Start of EXERCISE MATERIALS

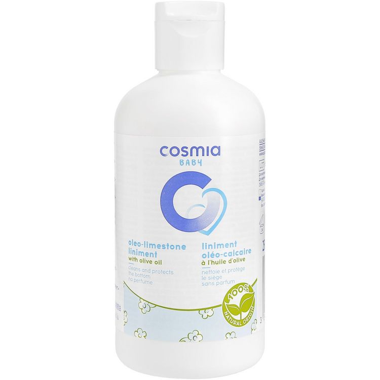 COSMIA BABY oleo liniment a l'huile d'olive 250 ml Votre bébé a une peau délicate et a besoin de soins adaptés. Notre Liniment Oléo Calcaire à l’huile d’olive Cosmia Baby est ultra doux et hypoallergénique*. Avec des ingrédients 100% d'origine naturelle, il nettoie et hydrate en douceur la peau délicate du siège de votre bébé pour la protéger des agressions extérieures. Sans parfum. Ne se rince pas. *formulées de manière à réduire les risques d'allergies. LIMINENT OLEO CALCAIRE
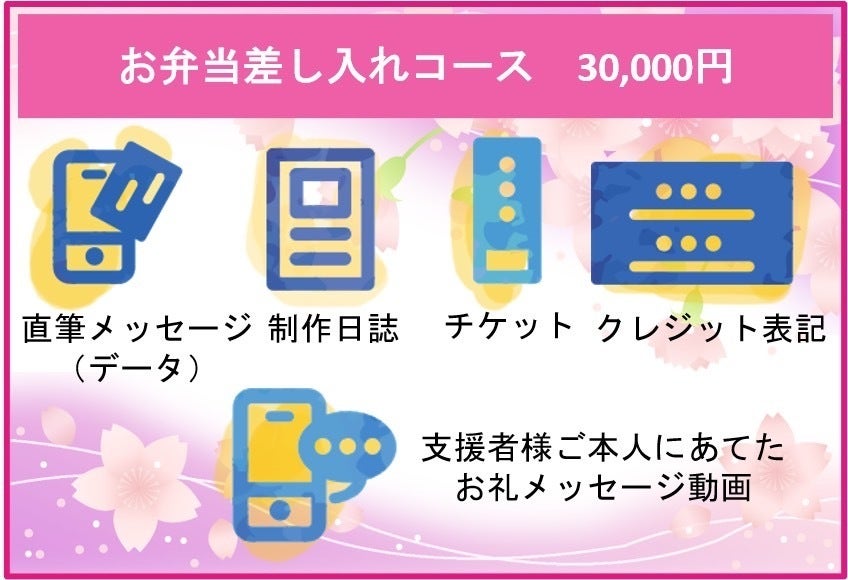 その日居合わせた出演者で「〇〇さんからお弁当頂きました!ありがとうございます!!」というような、ご支援者様へ向けた世界に一つだけの動画を撮影し、お送りさせていただきます!
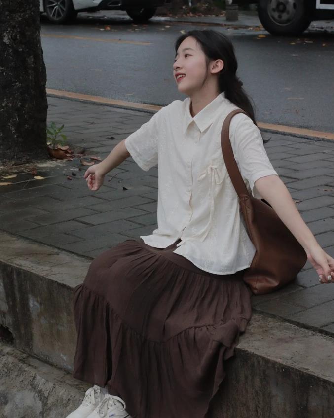 很顯精緻的刺繡復古襯衫,顏色是那種比較溫柔的白色,與咖色的半身長裙搭配,這兩種顏色組合一起,真的太好看了,一整套的版型比較寬鬆,很少女乖巧,上身整個人都很溫柔氣質。
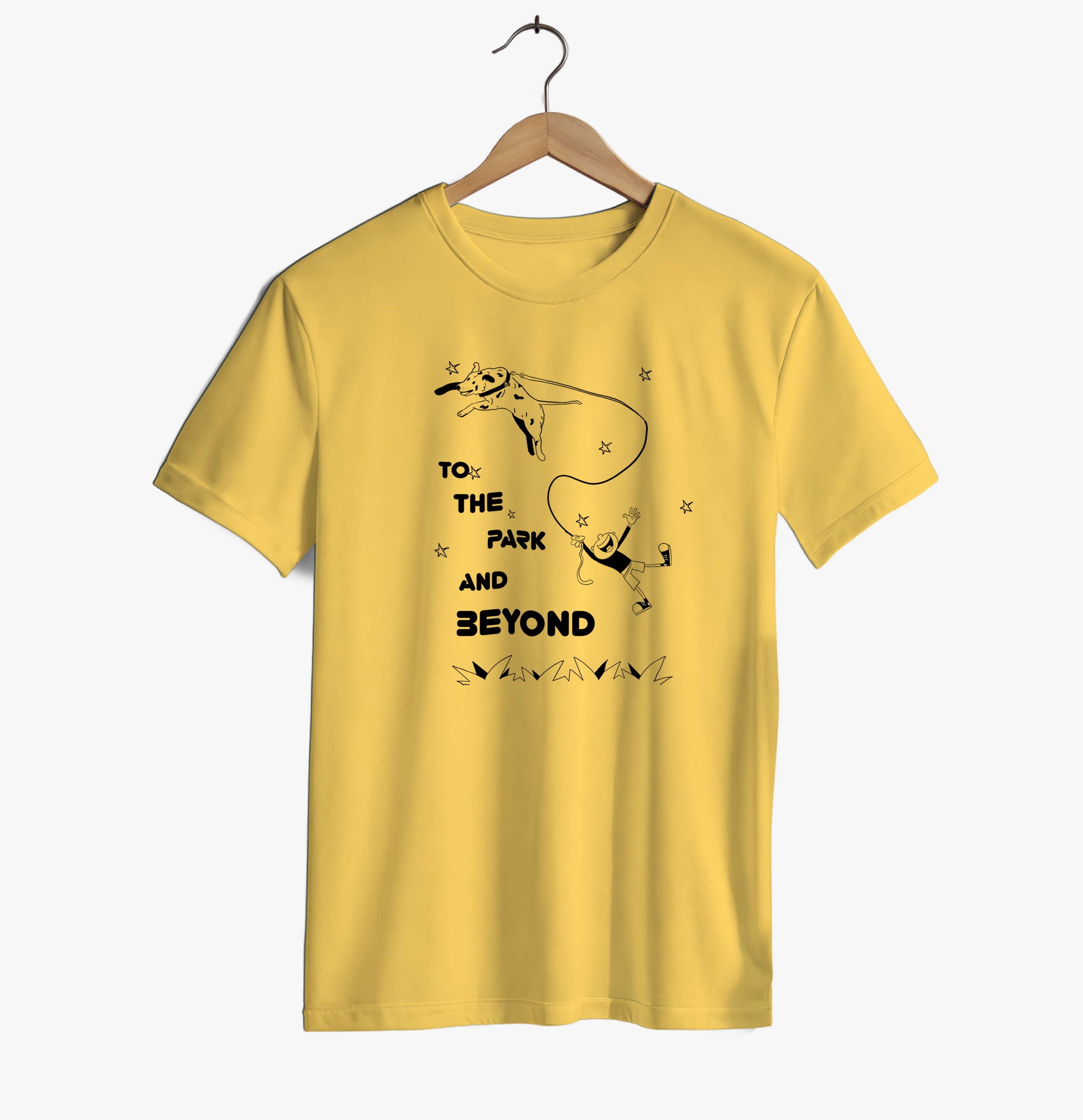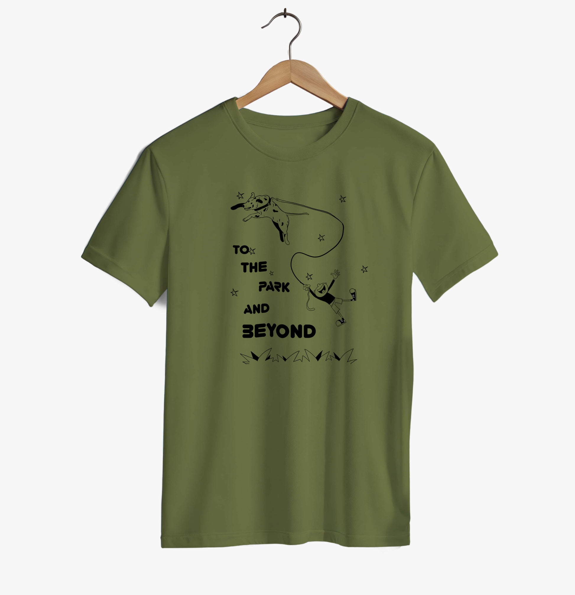 This unisex T-shirt celebrates the unstoppable energy of dogs who always want to go one step further — from the park to wherever adventure leads next. Featuring a playful illustration of a dog joyfully pulling its human through space, this design perfectly captures the humor, love, and chaos that come with life alongside a dog. Soft, expressive, and full of movement, it’s a feel-good piece made for dog lovers who know that every walk can turn into an adventure.
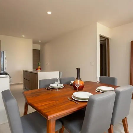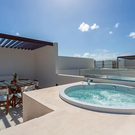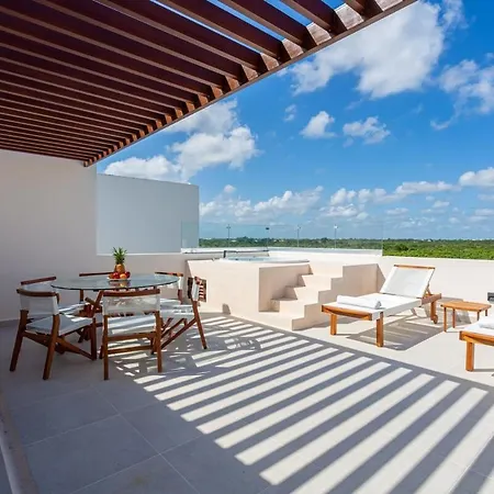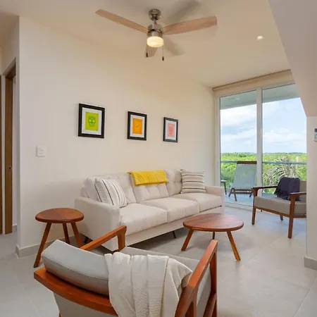 Tijdens een verblijf in Luxurious Penthouse By The Beach Akumal appartement van 90 m^2 kunnen gasten zich ontspannen op een terras op 2-km afstand van het Strand van Akumal. Het appartement biedt uitzicht op de tuin.
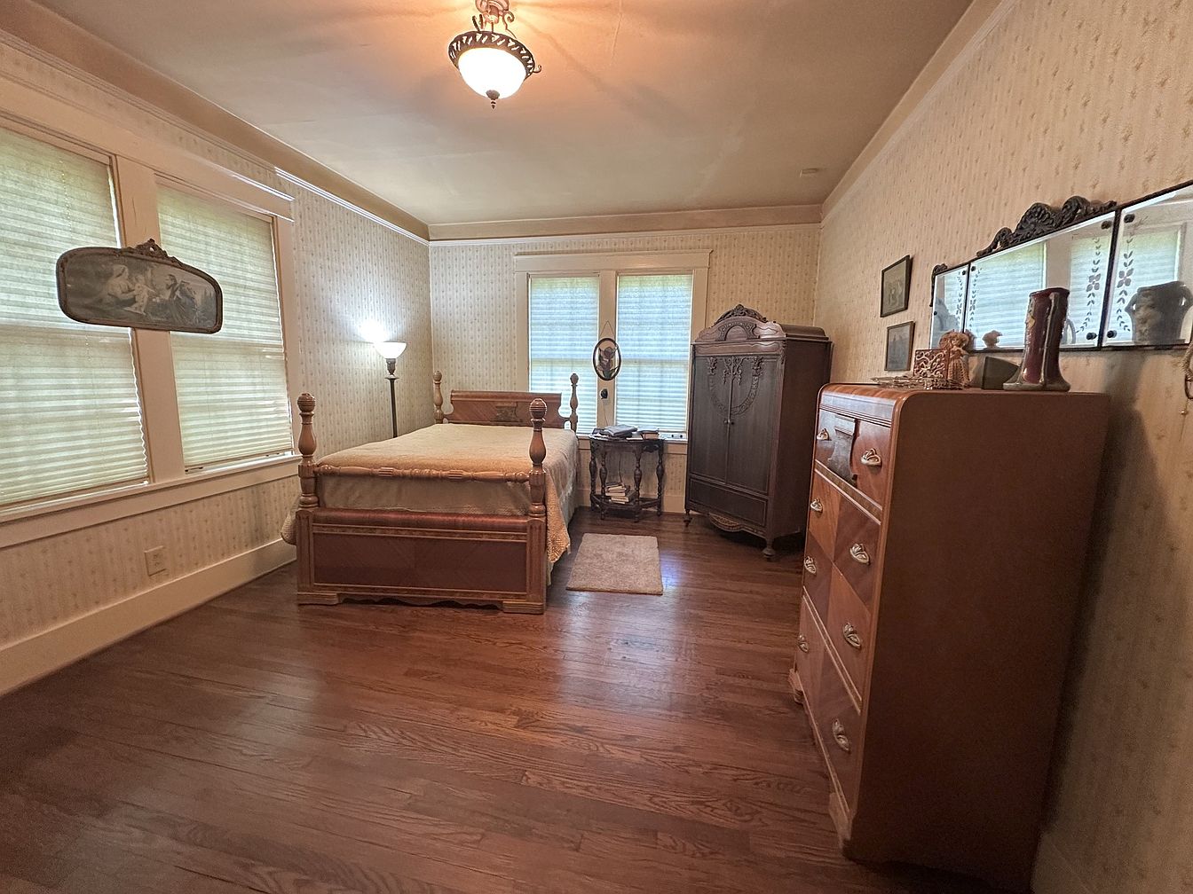 This historic bedroom features a traditional design with a warm wood floor and charming wallpaper. The walls are adorned with a soft, floral pattern in muted tones, complementing the natural light filtering through the closed blinds. A vintage wooden bed sits at the center, dressed in a subtle, patterned coverlet. To one side, an antique dresser showcases intricate hardware, while a matching wardrobe adds character. A round accent table holds a delicate mirror and decor, enhancing the room’s nostalgic feel. A ceiling fixture casts an inviting glow, creating a cozy and tranquil atmosphere, perfect for rest.
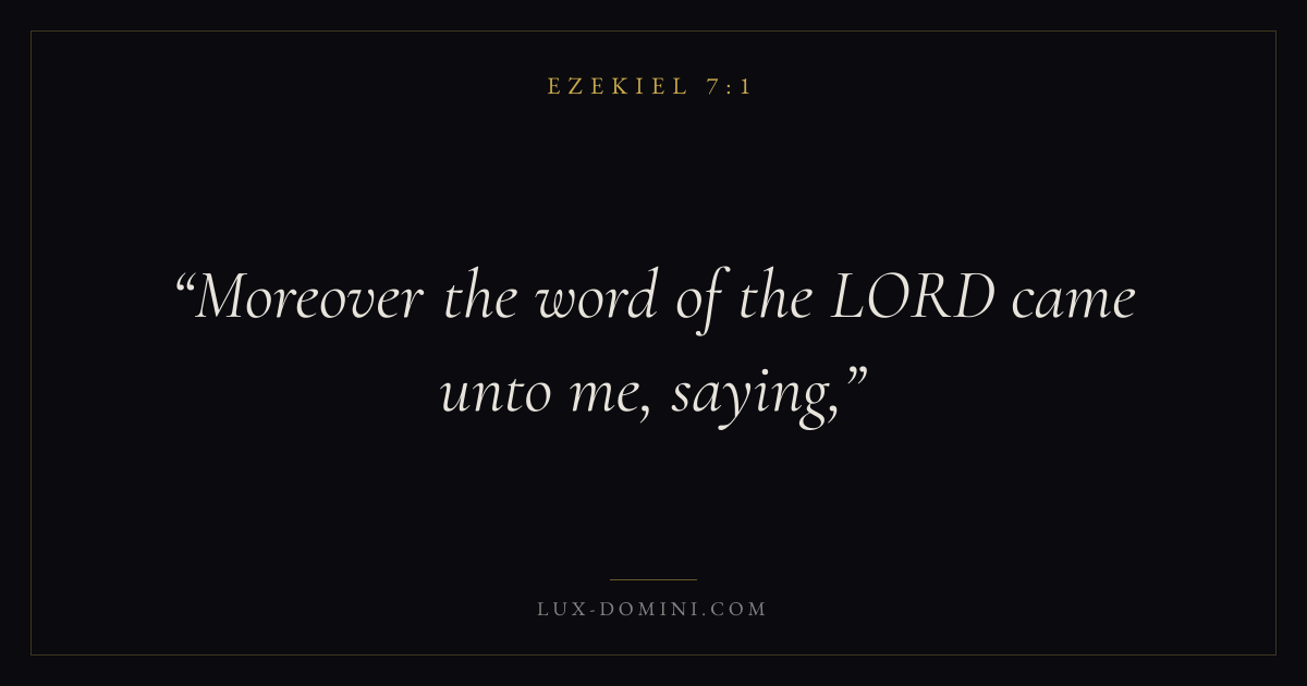 Books / Ezekiel / Chapter 7 / Verse 1 ← Ezekiel 6:14 Ezekiel 7:1 Ezekiel 7:2 → Moreover the word of the LORD came unto me, saying, Download verse card Share on Twitter Share on Facebook Pin it ✦ Key themes Justice and mercyTruthGlory of GodJudgment Read with Ezekiel 7:2Ezekiel 7:3Micah 6:8Amos 5:24 Related topics Bible verses about justice and mercyBible verses about truth ✦ Ezekiel Chapter 7 verses V. 1 V. 2 V. 3 V. 4 V. 5 V. 6 V. 7 V. 8 V. 9 V. 10 V. 11 V. 12 V. 13 V. 14 V. 15 V. 16 V. 17 V. 18 V. 19 V. 20 V. 21 V. 22 V. 23 V. 24 V. 25 V. 26 V. 27
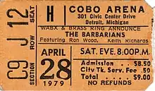 The New Barbarians debuted as the Rolling Stones' support act at two charity concerts to benefit the CNIB at the Oshawa Civic Auditorium near Toronto, Ontario on 22 April 1979, fulfilling one of the conditions of Richards' 1978 sentence for possession of heroin.[4] The band's eighteen-gig US tour followed. They made news in Milwaukee, Wisconsin when fans rioted, apparently due to their expectation that the show would feature "special guests", who did not appear.[2]
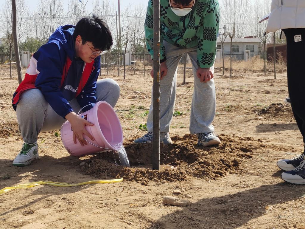 植树现场,气氛热烈,活动有序进行。同学们挥锹握锄,挖坑、扶树、培土、浇水一气呵成。经过大家的共同努力,银杏、红叶梨、玉兰、桂花等4种共530余棵树盎然挺立,迎风招展,初春的校园也变得更加生机勃勃起来。
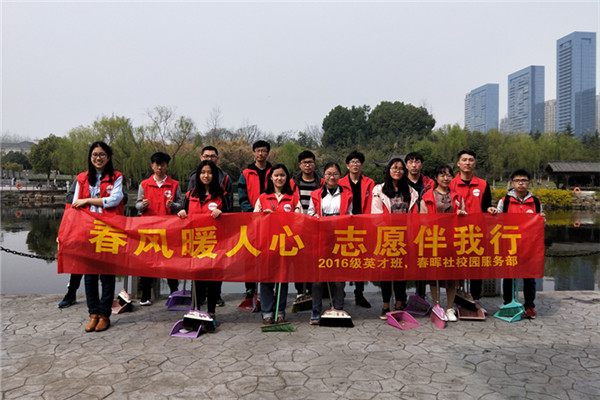 为践行雷锋精神,积极投身于志愿活动的号召,3月24日,我院2016级英才班团支部前往翡翠公园开展“春风暖人心,志愿伴我行”志愿清扫活动。
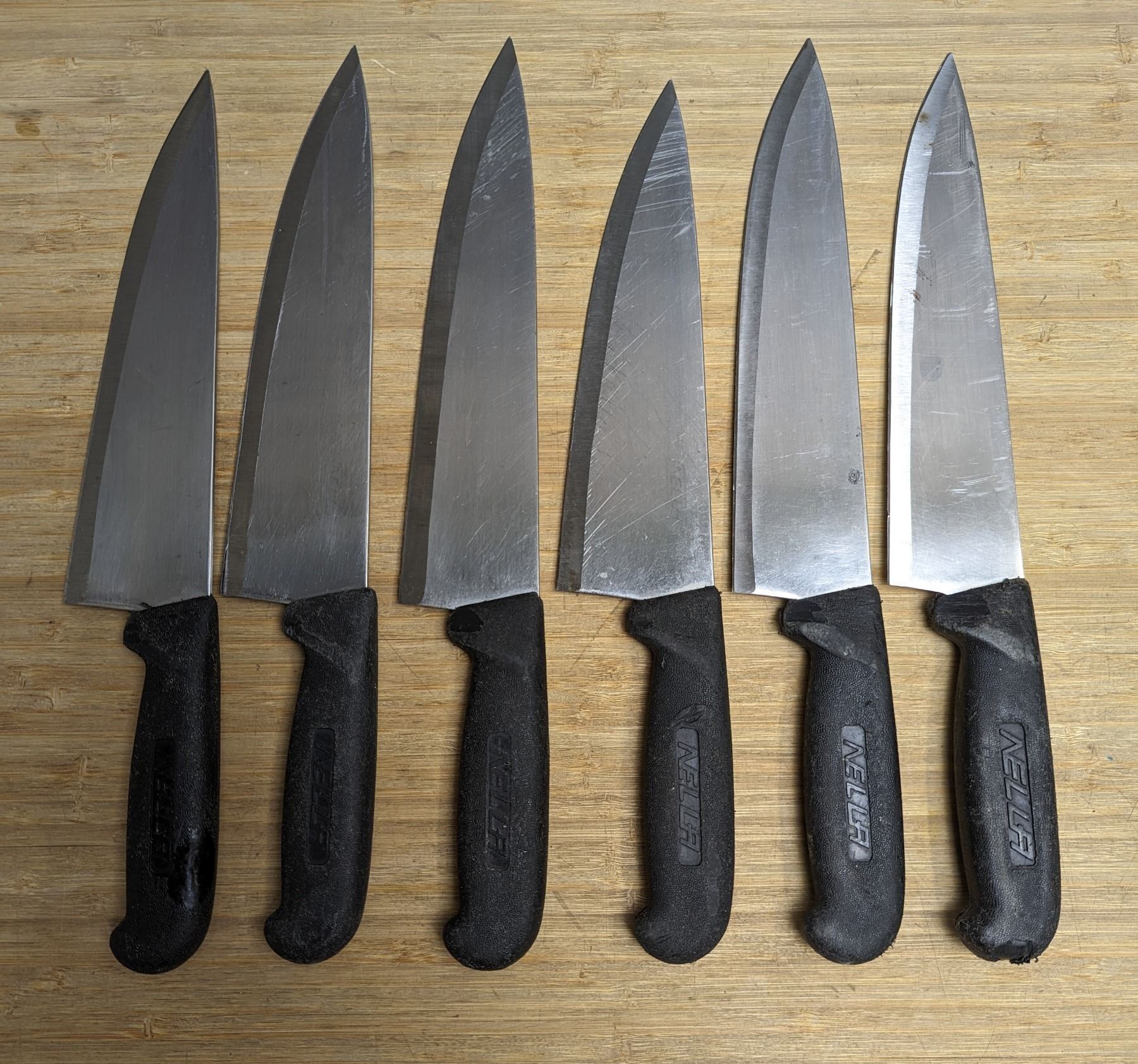 Used, Sharpened Cook Knives, Black Handles - Lot of 6
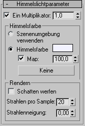 [Map-Steuerelemente]Über diese Steuerelemente können Sie mithilfe eines Maps die Himmelslichtfarbe bestimmen. Über diese Schaltfläche wird ein Map zugewiesen, und über die Ein/Aus-Schaltfläche wird das Map aktiviert. Das Zahlenauswahlfeld legt fest, welcher Prozentsatz des Maps verwendet werden soll. (Wenn der Wert unter 100 % liegt werden die Map-Farben mit der Himmelsfarbe gemischt.)
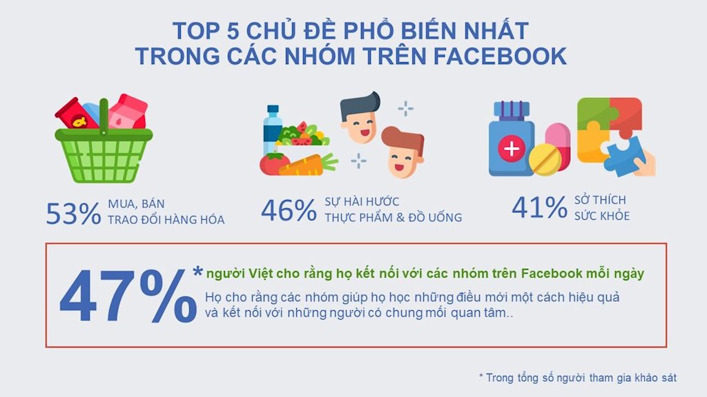 Facebook đã hợp tác với YouGov để cùng thực hiện một khảo sát trên 941 người dùng về các Nhóm trên Facebook (Facebook Groups) tại Việt Nam. Kết quả cho thấy người Việt sử dụng Nhóm để tìm kiếm ý nghĩa, sự hỗ trợ và kết nối với những người có chung sở thích hay mục đích. Gần một nửa (47%) số người tham gia cho rằng họ kết nối với Nhóm trên Facebook của mình hàng ngày.

End of EXERCISE MATERIALS

Retype all entries exactly, without the images.

 COSMIA BABY oleo liniment a l'huile d'olive 250 ml Votre bébé a une peau délicate et a besoin de soins adaptés. Notre Liniment Oléo Calcaire à l’huile d’olive Cosmia Baby est ultra doux et hypoallergénique*. Avec des ingrédients 100% d'origine naturelle, il nettoie et hydrate en douceur la peau délicate du siège de votre bébé pour la protéger des agressions extérieures. Sans parfum. Ne se rince pas. *formulées de manière à réduire les risques d'allergies. LIMINENT OLEO CALCAIRE
 その日居合わせた出演者で「〇〇さんからお弁当頂きました!ありがとうございます!!」というような、ご支援者様へ向けた世界に一つだけの動画を撮影し、お送りさせていただきます!
 很顯精緻的刺繡復古襯衫,顏色是那種比較溫柔的白色,與咖色的半身長裙搭配,這兩種顏色組合一起,真的太好看了,一整套的版型比較寬鬆,很少女乖巧,上身整個人都很溫柔氣質。
 This unisex T-shirt celebrates the unstoppable energy of dogs who always want to go one step further — from the park to wherever adventure leads next. Featuring a playful illustration of a dog joyfully pulling its human through space, this design perfectly captures the humor, love, and chaos that come with life alongside a dog. Soft, expressive, and full of movement, it’s a feel-good piece made for dog lovers who know that every walk can turn into an adventure.
 Tijdens een verblijf in Luxurious Penthouse By The Beach Akumal appartement van 90 m^2 kunnen gasten zich ontspannen op een terras op 2-km afstand van het Strand van Akumal. Het appartement biedt uitzicht op de tuin.
 This historic bedroom features a traditional design with a warm wood floor and charming wallpaper. The walls are adorned with a soft, floral pattern in muted tones, complementing the natural light filtering through the closed blinds. A vintage wooden bed sits at the center, dressed in a subtle, patterned coverlet. To one side, an antique dresser showcases intricate hardware, while a matching wardrobe adds character. A round accent table holds a delicate mirror and decor, enhancing the room’s nostalgic feel. A ceiling fixture casts an inviting glow, creating a cozy and tranquil atmosphere, perfect for rest.
 Books / Ezekiel / Chapter 7 / Verse 1 ← Ezekiel 6:14 Ezekiel 7:1 Ezekiel 7:2 → Moreover the word of the LORD came unto me, saying, Download verse card Share on Twitter Share on Facebook Pin it ✦ Key themes Justice and mercyTruthGlory of GodJudgment Read with Ezekiel 7:2Ezekiel 7:3Micah 6:8Amos 5:24 Related topics Bible verses about justice and mercyBible verses about truth ✦ Ezekiel Chapter 7 verses V. 1 V. 2 V. 3 V. 4 V. 5 V. 6 V. 7 V. 8 V. 9 V. 10 V. 11 V. 12 V. 13 V. 14 V. 15 V. 16 V. 17 V. 18 V. 19 V. 20 V. 21 V. 22 V. 23 V. 24 V. 25 V. 26 V. 27
 The New Barbarians debuted as the Rolling Stones' support act at two charity concerts to benefit the CNIB at the Oshawa Civic Auditorium near Toronto, Ontario on 22 April 1979, fulfilling one of the conditions of Richards' 1978 sentence for possession of heroin.[4] The band's eighteen-gig US tour followed. They made news in Milwaukee, Wisconsin when fans rioted, apparently due to their expectation that the show would feature "special guests", who did not appear.[2]
 植树现场,气氛热烈,活动有序进行。同学们挥锹握锄,挖坑、扶树、培土、浇水一气呵成。经过大家的共同努力,银杏、红叶梨、玉兰、桂花等4种共530余棵树盎然挺立,迎风招展,初春的校园也变得更加生机勃勃起来。
 为践行雷锋精神,积极投身于志愿活动的号召,3月24日,我院2016级英才班团支部前往翡翠公园开展“春风暖人心,志愿伴我行”志愿清扫活动。
 Used, Sharpened Cook Knives, Black Handles - Lot of 6
 [Map-Steuerelemente]Über diese Steuerelemente können Sie mithilfe eines Maps die Himmelslichtfarbe bestimmen. Über diese Schaltfläche wird ein Map zugewiesen, und über die Ein/Aus-Schaltfläche wird das Map aktiviert. Das Zahlenauswahlfeld legt fest, welcher Prozentsatz des Maps verwendet werden soll. (Wenn der Wert unter 100 % liegt werden die Map-Farben mit der Himmelsfarbe gemischt.)
 Facebook đã hợp tác với YouGov để cùng thực hiện một khảo sát trên 941 người dùng về các Nhóm trên Facebook (Facebook Groups) tại Việt Nam. Kết quả cho thấy người Việt sử dụng Nhóm để tìm kiếm ý nghĩa, sự hỗ trợ và kết nối với những người có chung sở thích hay mục đích. Gần một nửa (47%) số người tham gia cho rằng họ kết nối với Nhóm trên Facebook của mình hàng ngày.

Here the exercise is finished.